**What is being asked**
Print, word for word, the opening line of the data below and every line after it through the line that contains "Custom Basic Button", but not the pictures.

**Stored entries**
--- START ---
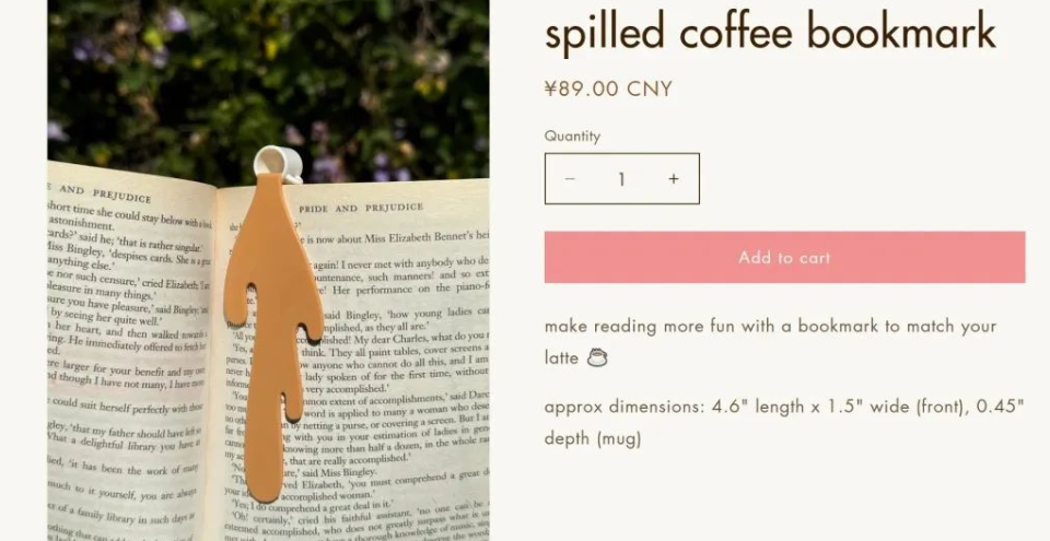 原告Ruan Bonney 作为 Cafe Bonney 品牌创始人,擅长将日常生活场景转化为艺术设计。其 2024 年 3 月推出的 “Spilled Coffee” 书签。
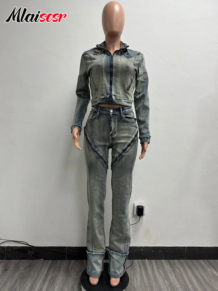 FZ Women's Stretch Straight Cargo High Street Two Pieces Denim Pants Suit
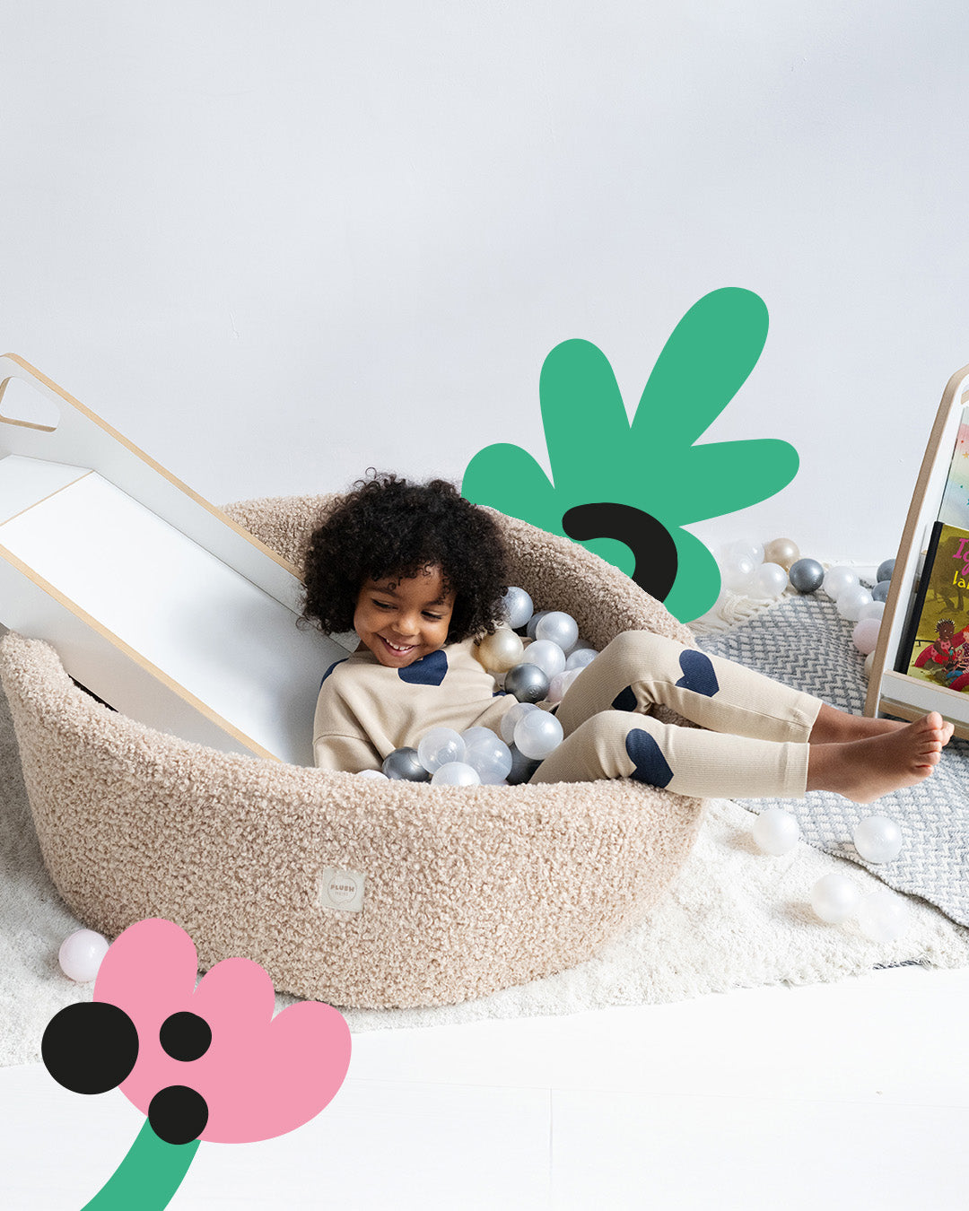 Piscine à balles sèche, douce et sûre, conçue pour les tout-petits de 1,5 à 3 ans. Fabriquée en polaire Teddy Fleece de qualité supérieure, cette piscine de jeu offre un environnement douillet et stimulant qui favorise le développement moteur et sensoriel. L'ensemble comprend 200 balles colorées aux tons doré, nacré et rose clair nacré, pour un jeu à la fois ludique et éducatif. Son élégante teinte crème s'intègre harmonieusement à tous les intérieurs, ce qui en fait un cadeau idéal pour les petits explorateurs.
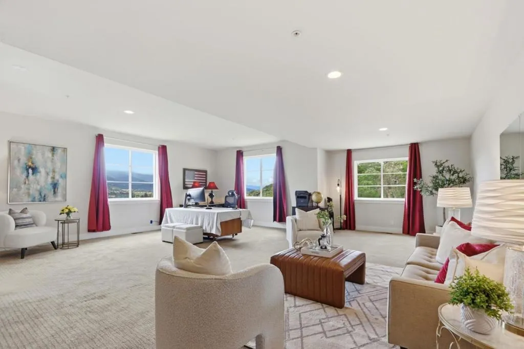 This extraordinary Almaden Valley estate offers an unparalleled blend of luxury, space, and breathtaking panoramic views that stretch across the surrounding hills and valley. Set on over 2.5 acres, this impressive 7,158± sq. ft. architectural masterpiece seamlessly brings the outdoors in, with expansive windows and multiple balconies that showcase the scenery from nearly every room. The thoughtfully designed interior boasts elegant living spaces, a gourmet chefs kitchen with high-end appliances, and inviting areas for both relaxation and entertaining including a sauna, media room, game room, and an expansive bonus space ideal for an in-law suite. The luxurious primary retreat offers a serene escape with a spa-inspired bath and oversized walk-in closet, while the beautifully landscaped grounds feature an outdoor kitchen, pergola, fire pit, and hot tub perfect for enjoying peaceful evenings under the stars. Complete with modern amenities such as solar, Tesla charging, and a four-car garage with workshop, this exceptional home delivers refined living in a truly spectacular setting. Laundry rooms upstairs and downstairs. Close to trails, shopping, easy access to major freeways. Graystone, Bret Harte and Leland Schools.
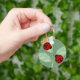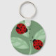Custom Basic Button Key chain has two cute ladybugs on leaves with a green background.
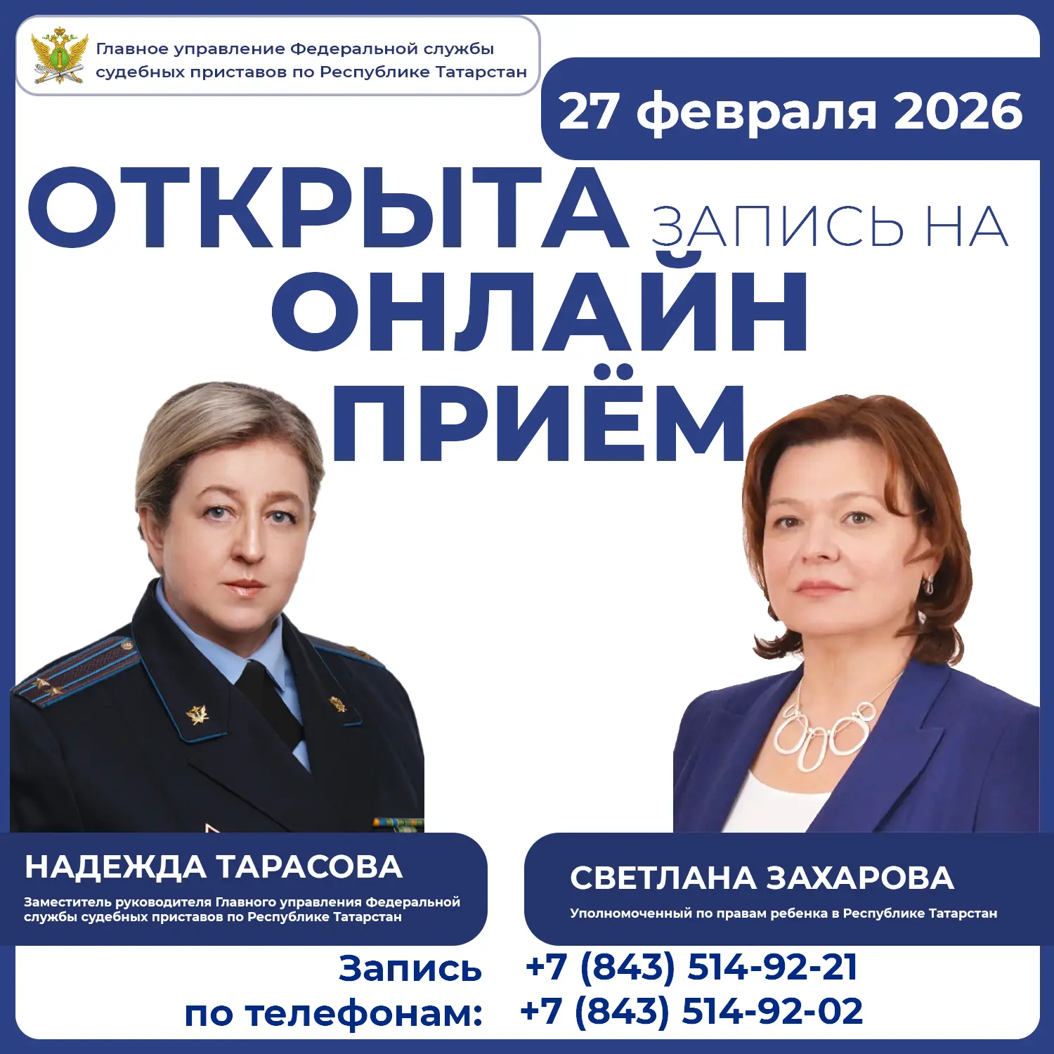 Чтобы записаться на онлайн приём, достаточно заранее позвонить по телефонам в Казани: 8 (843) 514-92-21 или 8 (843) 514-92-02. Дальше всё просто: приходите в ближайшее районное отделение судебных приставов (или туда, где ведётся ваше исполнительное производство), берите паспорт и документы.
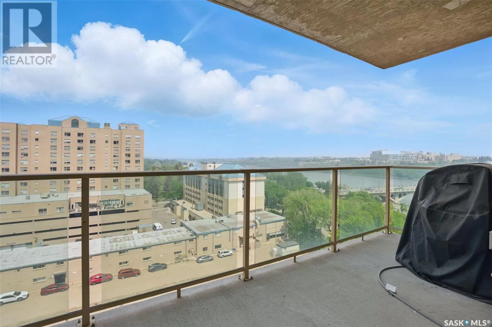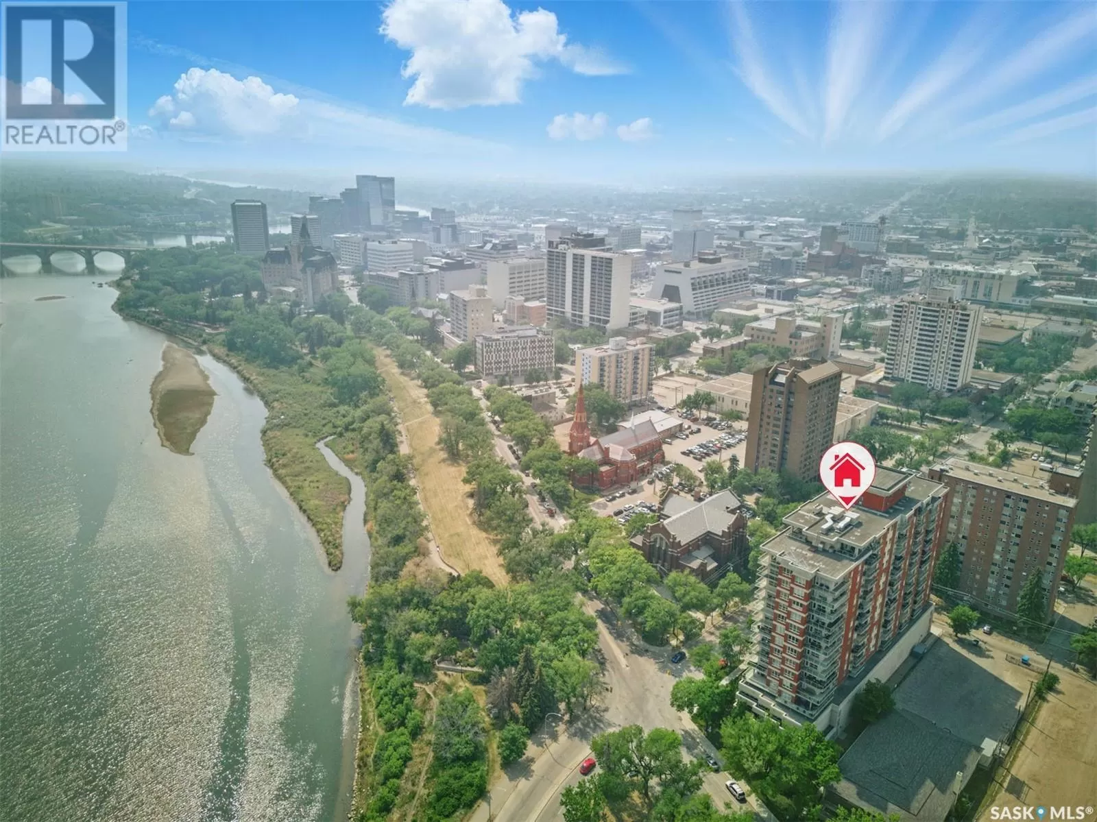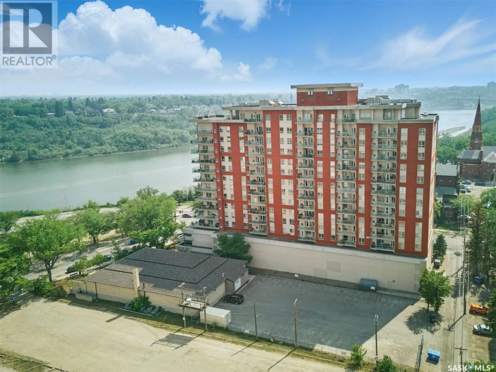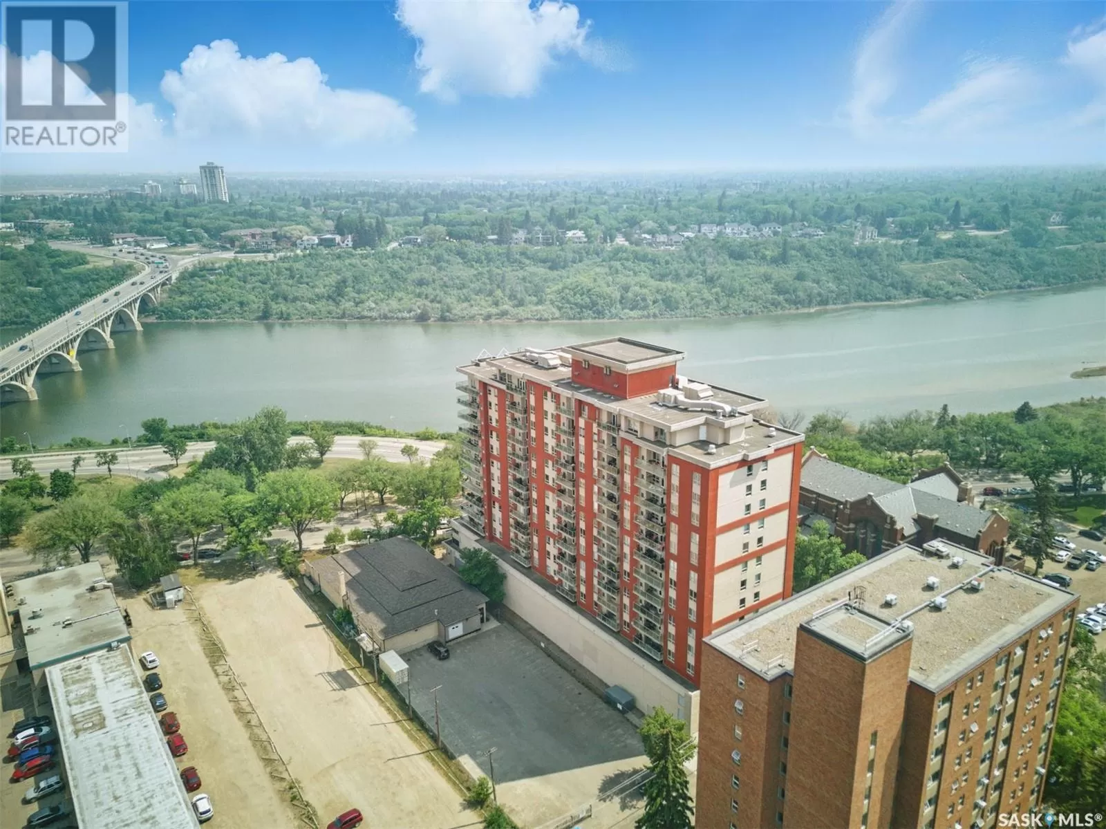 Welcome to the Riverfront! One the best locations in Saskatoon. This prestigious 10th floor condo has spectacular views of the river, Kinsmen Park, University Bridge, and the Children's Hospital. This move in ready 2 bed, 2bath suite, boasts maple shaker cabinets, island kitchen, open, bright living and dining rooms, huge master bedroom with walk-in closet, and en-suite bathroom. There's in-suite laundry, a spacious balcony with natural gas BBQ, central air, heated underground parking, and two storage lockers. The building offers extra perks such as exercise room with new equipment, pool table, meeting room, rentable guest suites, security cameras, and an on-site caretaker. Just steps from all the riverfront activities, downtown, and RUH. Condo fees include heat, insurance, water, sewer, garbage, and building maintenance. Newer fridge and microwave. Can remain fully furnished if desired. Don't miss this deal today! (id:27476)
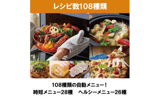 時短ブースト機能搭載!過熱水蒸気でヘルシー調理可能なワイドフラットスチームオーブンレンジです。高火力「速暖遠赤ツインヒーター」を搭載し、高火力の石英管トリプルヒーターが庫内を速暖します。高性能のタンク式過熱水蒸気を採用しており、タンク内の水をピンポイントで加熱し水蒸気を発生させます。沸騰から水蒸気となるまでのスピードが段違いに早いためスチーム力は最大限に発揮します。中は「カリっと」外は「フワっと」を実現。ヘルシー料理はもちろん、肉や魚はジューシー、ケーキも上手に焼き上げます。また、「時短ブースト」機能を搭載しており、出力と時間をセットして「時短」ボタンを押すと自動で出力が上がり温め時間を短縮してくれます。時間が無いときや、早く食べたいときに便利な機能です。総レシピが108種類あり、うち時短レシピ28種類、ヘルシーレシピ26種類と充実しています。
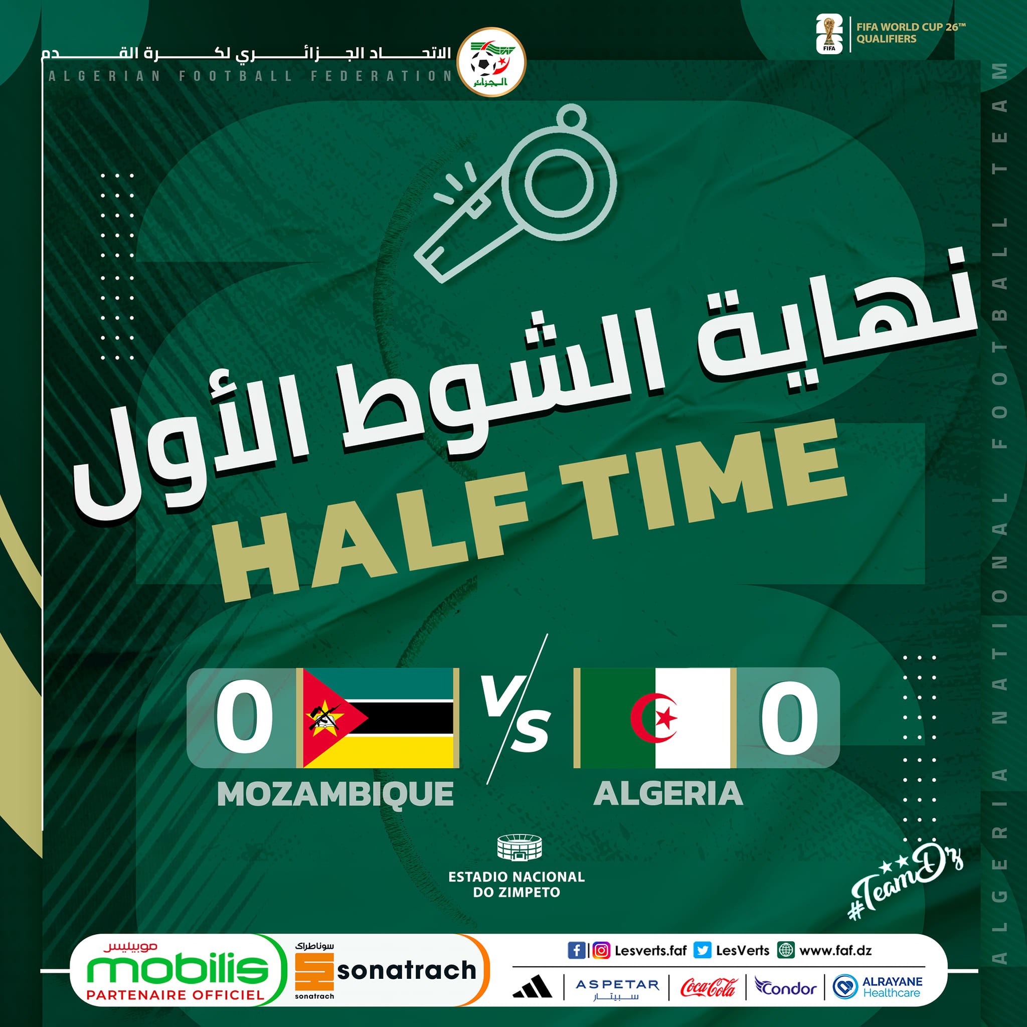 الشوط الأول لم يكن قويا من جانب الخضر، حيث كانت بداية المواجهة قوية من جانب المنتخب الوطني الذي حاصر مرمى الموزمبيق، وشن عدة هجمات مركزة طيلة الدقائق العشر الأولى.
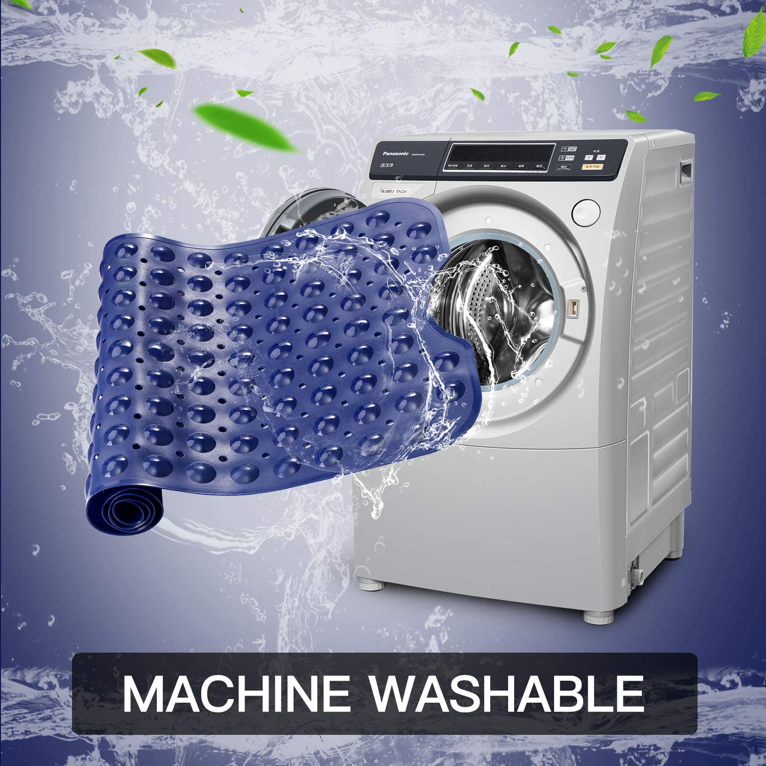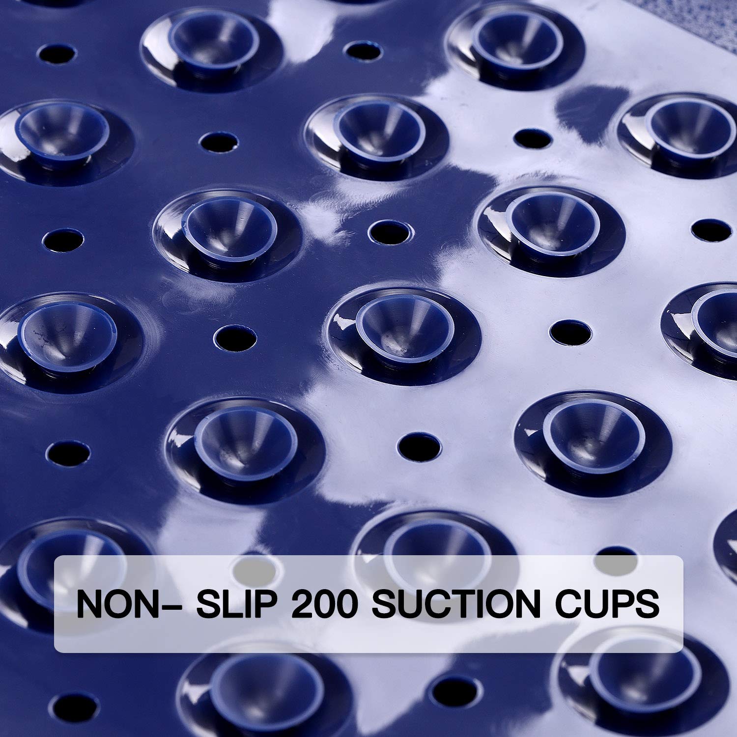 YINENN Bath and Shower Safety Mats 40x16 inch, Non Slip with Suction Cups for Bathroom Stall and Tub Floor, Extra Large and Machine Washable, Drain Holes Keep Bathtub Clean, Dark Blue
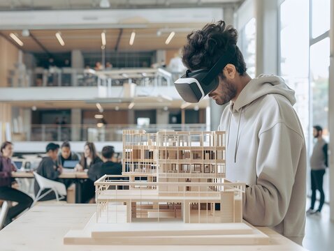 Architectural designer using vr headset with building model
--- END ---
**Task solution**
 原告Ruan Bonney 作为 Cafe Bonney 品牌创始人,擅长将日常生活场景转化为艺术设计。其 2024 年 3 月推出的 “Spilled Coffee” 书签。
 FZ Women's Stretch Straight Cargo High Street Two Pieces Denim Pants Suit
 Piscine à balles sèche, douce et sûre, conçue pour les tout-petits de 1,5 à 3 ans. Fabriquée en polaire Teddy Fleece de qualité supérieure, cette piscine de jeu offre un environnement douillet et stimulant qui favorise le développement moteur et sensoriel. L'ensemble comprend 200 balles colorées aux tons doré, nacré et rose clair nacré, pour un jeu à la fois ludique et éducatif. Son élégante teinte crème s'intègre harmonieusement à tous les intérieurs, ce qui en fait un cadeau idéal pour les petits explorateurs.
 This extraordinary Almaden Valley estate offers an unparalleled blend of luxury, space, and breathtaking panoramic views that stretch across the surrounding hills and valley. Set on over 2.5 acres, this impressive 7,158± sq. ft. architectural masterpiece seamlessly brings the outdoors in, with expansive windows and multiple balconies that showcase the scenery from nearly every room. The thoughtfully designed interior boasts elegant living spaces, a gourmet chefs kitchen with high-end appliances, and inviting areas for both relaxation and entertaining including a sauna, media room, game room, and an expansive bonus space ideal for an in-law suite. The luxurious primary retreat offers a serene escape with a spa-inspired bath and oversized walk-in closet, while the beautifully landscaped grounds feature an outdoor kitchen, pergola, fire pit, and hot tub perfect for enjoying peaceful evenings under the stars. Complete with modern amenities such as solar, Tesla charging, and a four-car garage with workshop, this exceptional home delivers refined living in a truly spectacular setting. Laundry rooms upstairs and downstairs. Close to trails, shopping, easy access to major freeways. Graystone, Bret Harte and Leland Schools.
Custom Basic Button Key chain has two cute ladybugs on leaves with a green background.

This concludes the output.